Last summer, we informed about the forming of a new band with Mike Portnoy on the drums – Sons Of Apollo. A few months later, the group’s debut album titled “Psychotic Symphony” was released and it has recently found its way to our office.
For most prog metal fans, the supergroup’s mere line-up will surely serve as a recommendation. Along with the prominent drummer, it is comprised of: Billy Sheehan (Mr. Big, Steve Vai, David Lee Roth, The Winery Dogs), Derek Sherinian (Dream Theater, Black Country Communion, Planet X, Billy Idol, Alice Cooper), Ron “Bumblefoot” Thal (Art Of Anarchy, Guns N’ Roses) and Jeff Scott Soto (Yngvie Malmsteen’s Rising Force, Journey, Talisman, Axel Rudi Pell, Trans-Siberian Orchestra).

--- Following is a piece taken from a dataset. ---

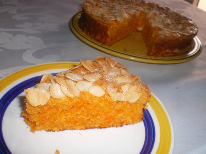 Separe as gemas das claras e bata bem as gemas com o açúcar até ficar um creme. Junte a raspa de limão, o óleo, a amêndoa ralada e as cenouras trituradas e bata tudo junto. Bata as claras em castelo e junte, sem bater, alternadamente as claras e a farinha. Coloque numa forma previamente untada com manteiga e polvilhada com farinha e por cima da massa coloque as amêndoas laminadas e polvilhe com um pouco de açúcar. Leve ao forno pré-aquecido até o palito sair seco.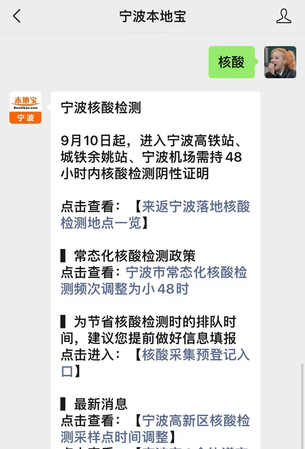 温馨提醒:微信搜索关注【宁波本地宝】, 在对话框回复【核酸】可获取宁波核酸最新通知和政策规定、核酸采样时间 地点 对象、核酸检测结果查询等信息!

In all honesty, all these names really are enough to know what the listener is going to get on this album, i. e. lengthy, complex and epic songs, odd time signatures, masterly parts from all the instrumentalists as well as the singer’s crystal clear, powerful, heavy metal voice. There is no need to quote any track titles to support that statement because the album can be characterized in this way as a whole. There are some exceptions: Bumblefoot’s solo on “Alive” (closer to fusion in style), the riffs on “Lost In Oblivion” and “Signs Of The Time” (taking a turn towards math metal) or “Figaro’s Whore” (which, because of the keyboard part and the general character of the main riff, can easily be regarded as a tribute to Deep Purple and the late John Lord in particular). Apart from the latter song, I dare say the album is a dream come true for all classic Dream Theater fans as Mike Portnoy‘s former band mates don’t play or sound that way anymore.
Is that an upside for everyone else? I don’t know myself. It certainly is for all those who miss their prog metal idols continuing the path of “Falling Into Infinity” or “Scenes From A Memory“. I, however, appreciating all the virtuosity of the musicians and taking a deep bow in the wake of Mike Portnoy‘s artistry (who serves us all his characteristic and magnificently executed licks such as insane drum fills, rocking out on octabans, twin bass drum work, etc.), when feeling nostalgic about 90s prog metal, shall revisit Liquid Tension Experiment albums. By no means does it mean this is a bad record. On the contrary – it is brilliant in its genre, the fans of which have already praised it on the Internet. It is worth a listen and, if you happen to be a prog metal maniac, it’s a must-hear.